Recorded data:
════════════════

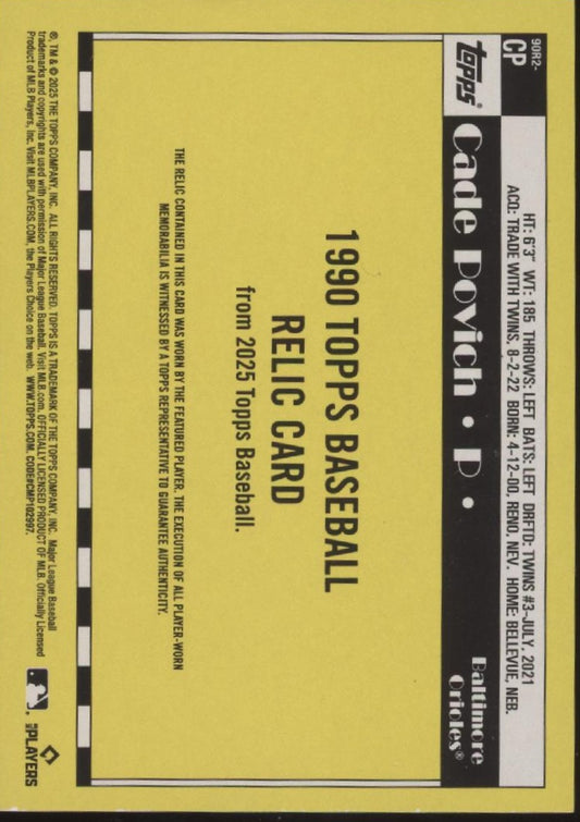 Cade Povich 2025 Topps 35th Anniversary Purple Swatch RC 02/10 #90R2-CP
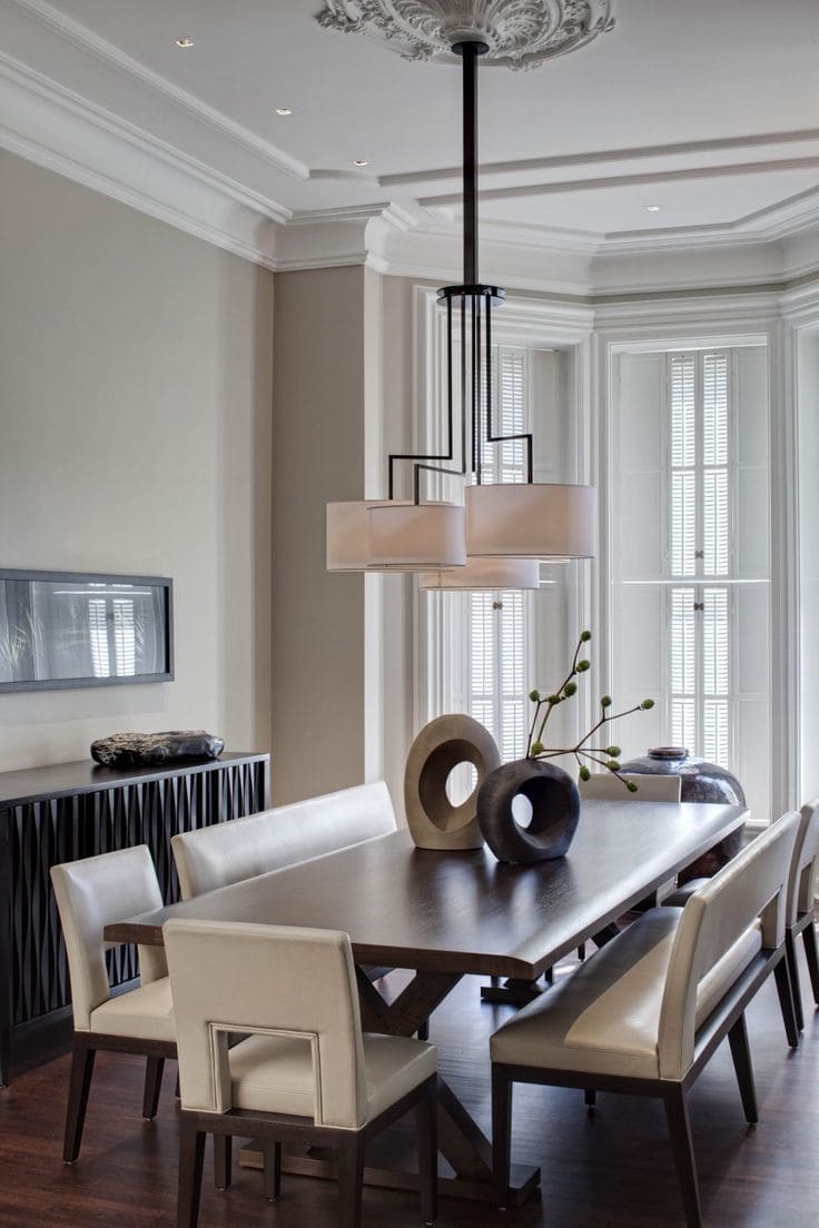 12 – Você dificilmente irá encontrar uma sala de jantar mais moderna do que esta abaixo! Tanto a mesa quanto o banco gritam por modernidade, além de toda a decoração ao redor combinar muito bem com esta ideia de modernização do ambiente!
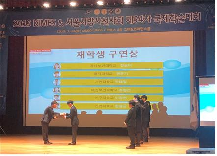 ½ÅÇÑ´ëÇб³(ÃÑÀå ¼°©¿ø) ¹æ»ç¼±Çаú(ÇаúÀå ±èÈ£¼º ±³¼ö)´Â Áö³ 3¿ù14~17ÀÏ ¼¿ï COEX Àü½ÃÀå¿¡¼ °³ÃÖµÈ 2019 KIMES & ¼¿ï½Ã ¹æ»ç¼±»çȸ Á¦54Â÷ ±¹Á¦Çмú´ëȸ¿¡¼ ¹æ»ç¼±Çаú ÀçÇлýÀÌ °¢°¢ ÃÖ¿ì¼ö ³í¹®»ó°ú ÀçÇлý ±¸¿¬»óÀ» ¼ö»óÇß´Ù°í ¹àÇû´Ù.
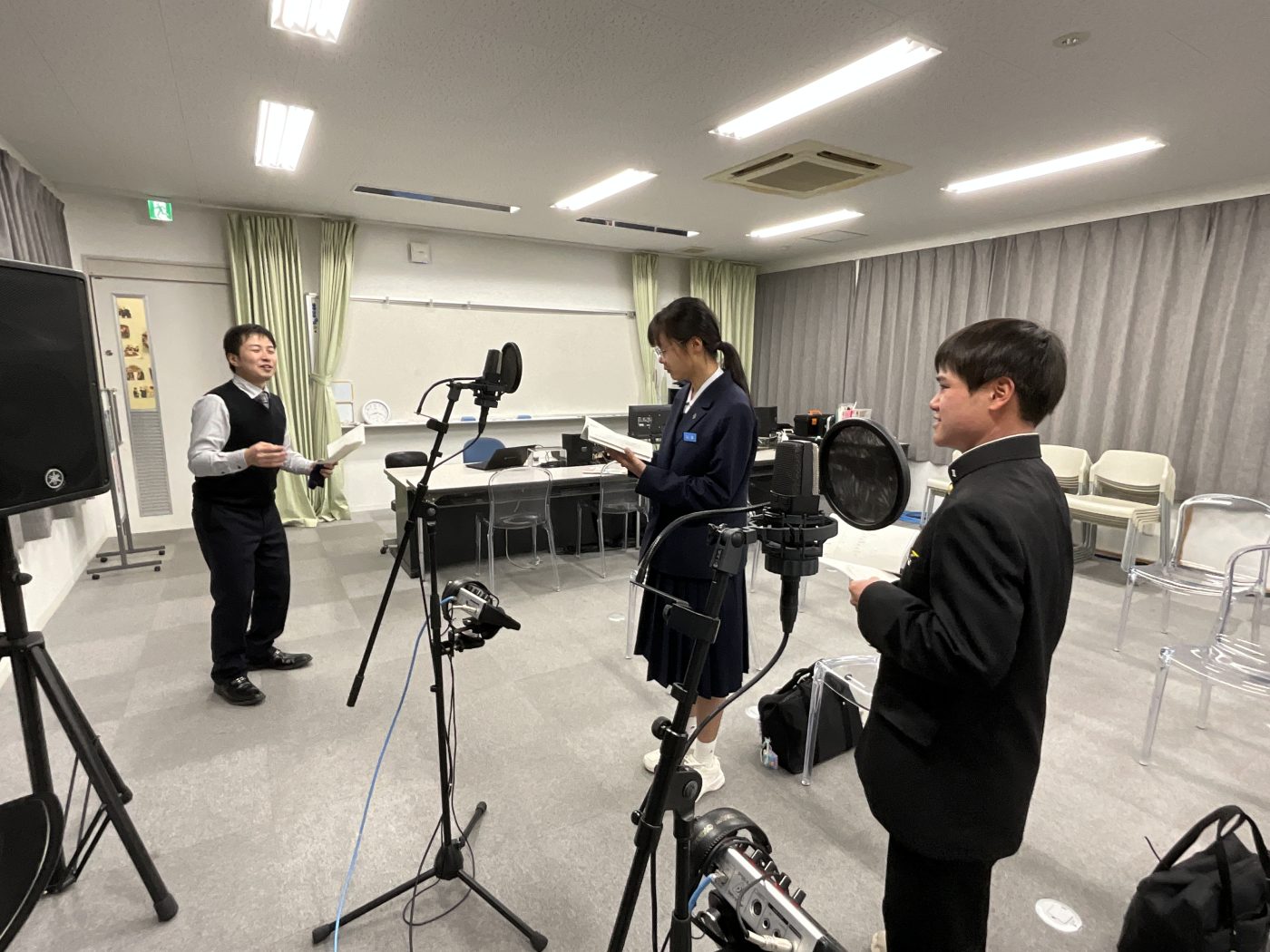 今回は、パティシエやブライダルなど数多くの学科がある中、私たちは、声優タレント科の体験をさせていただきました。
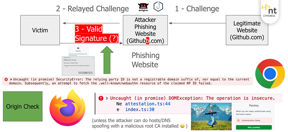 - ผลลัพธ์: เมื่อเบราว์เซอร์ทำงานบนโดเมน mybank-login.com อุปกรณ์จะมองหา Passkey ที่ผูกกับ mybank-login.com เท่านั้น ซึ่ง “ไม่พบ” มันจึง ไม่เสนอ Passkey ของ mybank.com ให้ผู้ใช้งานเลือก และเมื่อ

════════════════

From the first line to the last, retype the data above exactly, but not its images.

 Cade Povich 2025 Topps 35th Anniversary Purple Swatch RC 02/10 #90R2-CP
 12 – Você dificilmente irá encontrar uma sala de jantar mais moderna do que esta abaixo! Tanto a mesa quanto o banco gritam por modernidade, além de toda a decoração ao redor combinar muito bem com esta ideia de modernização do ambiente!
 ½ÅÇÑ´ëÇб³(ÃÑÀå ¼°©¿ø) ¹æ»ç¼±Çаú(ÇаúÀå ±èÈ£¼º ±³¼ö)´Â Áö³ 3¿ù14~17ÀÏ ¼¿ï COEX Àü½ÃÀå¿¡¼ °³ÃÖµÈ 2019 KIMES & ¼¿ï½Ã ¹æ»ç¼±»çȸ Á¦54Â÷ ±¹Á¦Çмú´ëȸ¿¡¼ ¹æ»ç¼±Çаú ÀçÇлýÀÌ °¢°¢ ÃÖ¿ì¼ö ³í¹®»ó°ú ÀçÇлý ±¸¿¬»óÀ» ¼ö»óÇß´Ù°í ¹àÇû´Ù.
 今回は、パティシエやブライダルなど数多くの学科がある中、私たちは、声優タレント科の体験をさせていただきました。
 - ผลลัพธ์: เมื่อเบราว์เซอร์ทำงานบนโดเมน mybank-login.com อุปกรณ์จะมองหา Passkey ที่ผูกกับ mybank-login.com เท่านั้น ซึ่ง “ไม่พบ” มันจึง ไม่เสนอ Passkey ของ mybank.com ให้ผู้ใช้งานเลือก และเมื่อ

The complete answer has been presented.